Keep Calm and Bird On: July 2023

Ginger Andrews • June 30, 2023
“If you don’t look, you don’t see. You have to go and look.”
-Edith Andrews

On Nantucket July means summer is just getting under way. But in the Arctic, the post-solstice return of darkness is already noticeable. And this means the beginning of shorebird migration. Didn’t we just see them, enroute to northern nesting grounds? But the short Arctic season means they only get one chance to raise young, and they must do it quickly. The shift in daylight means that some of the bird world’s longest-distance migrants are already thinking about heading south.

Some pause only briefly on our beaches; some stay all winter. They don’t necessarily all move at once. Non-breeders may lag behind on wintering grounds. Some may have been delayed by bad weather, lack of food, or injury; others await maturity before attempting the rigors of raising young.

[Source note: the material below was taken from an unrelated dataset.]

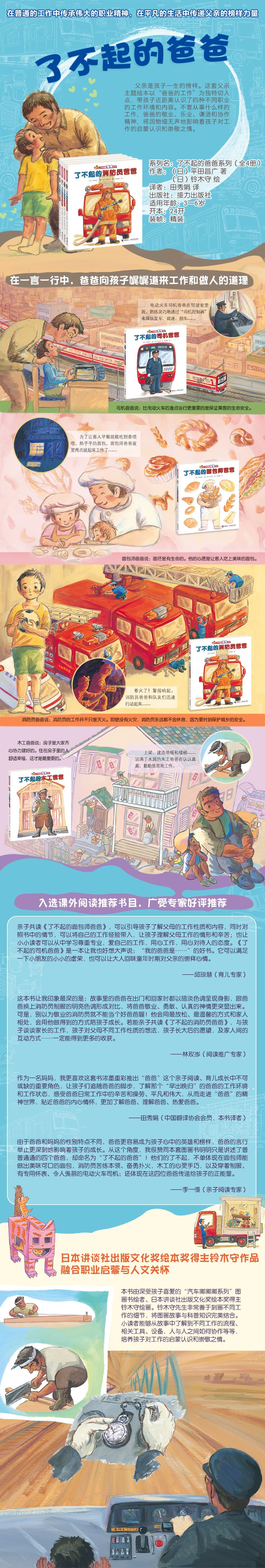 ?暖心的父亲主题绘本——父亲是孩子一生的榜样 本套书以爸爸的职业为独特的切入点,带孩子近距离认识了不同爸爸的工作环境和状态,帮助孩子了解爸爸在家庭之外的另一个身份角色,感受爸爸对待工作的认真、细致和负责。不同岗位上的爸爸,以其敬业、乐业、谦逊和协作的精神,润物细无声地影响着孩子。 ?入选课外阅读推荐书目,广受专家好评推荐 本套书入选中国台湾地区推荐中小学生优良课外读物(图画书类),并得到新阅读研究所研究员、儿童阅读公益机工爱阅团发起人、亲子教育专栏作家李一慢温情推荐。在一言一行中,爸爸向孩子娓娓道来了工作的道理和做人的道理。这些,将成为孩子人生中最宝贵的财富。 ?知名画家铃木守作品,融合职业启蒙与人文关怀 本套书由深受孩子喜爱的“汽车嘟嘟嘟系列”图画书绘者、日本讲谈社出版文化奖绘本奖得主铃木守绘画。铃木守先生非常善于刻画不同工作的细节,将图画故事与科普知识完美结合。 本套书涉及了电动火车司机、消防员、面包师和木工师傅等不同的职业,小读者能够从故事中了解到不同工作的流程、相关工具、设备,人与人之间如何协作等等,培养孩子对工作的启蒙认识和崇敬之情。

Sanderlings are perhaps everyone’s favorite shorebird; they are so active, running back and forth between waves, almost never caught. We are used to seeing them in winter grey and white, but in early summer a few might still be sporting the rufous feathers of the breeding season. Their black legs churn like wind-up toys as they run; their black bills disappear as they probe the damp sand. They are finding amphipods, small crabs, and marine worms. Oddly, they can cast a pellet with the indigestible bits as owls do. They are not averse to insect foods; in a pinch they can eat plant material.

They feed together in flocks, starting with smaller numbers, six to perhaps a dozen, but as the season progresses flock size increases. In July, they are just returning from Canadian islands in the high Arctic. They are heading for sandy beaches all over the world. On the east coasts in the Americas we may see them anywhere from Massachusetts to Tierra del Fuego.